# Soapstone beer mug, for the addicts



## Highbeam (Apr 12, 2009)

Yes, I love my soapstone. The wife bought me this mug a while back for a gift. It wasn't really expensive and a good thing since if you try and drink straight from it it tastes weird. Well maybe not taste as much as smell and since you taste with smell to some degree it makes the beer taste funny. The cup does not leak or seem to absorb the beer.

I put it in the freezer before using and boy oh boy does it get cold and stay cold. Truly a frosty mug. First photo of dry mug on my hearthstone stove.
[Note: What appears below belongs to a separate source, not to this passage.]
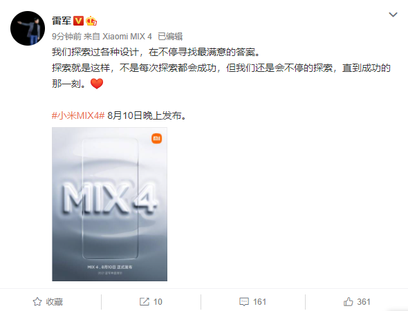 雷军今日继续为 MIX4 预热,表示小米将坚持“探索”。

The finish is not as polished as the stove. Second photo wet with water since as we all know, soapstone looks better wet.


----------



## karri0n (Apr 13, 2009)

Neat. I would imagine it would make the beer taste a bit off, though. Sweet mug, but is that a copper handle? better wear your stove gloves when drinking that thing straight out of the freezer...


----------



## BrotherBart (Apr 13, 2009)

Is it a gentle cold?  :lol:


----------



## karri0n (Apr 13, 2009)

BrotherBart said:
			
		

> Is it a gentle cold?  :lol:




BAHAHA ROFL


----------



## Highbeam (Apr 13, 2009)

Yes copper and it is pretty cold. A gentle cold. You could have gotten other metals too.

They make ice cubes too for the reduce-reuse-recycle crowd.


----------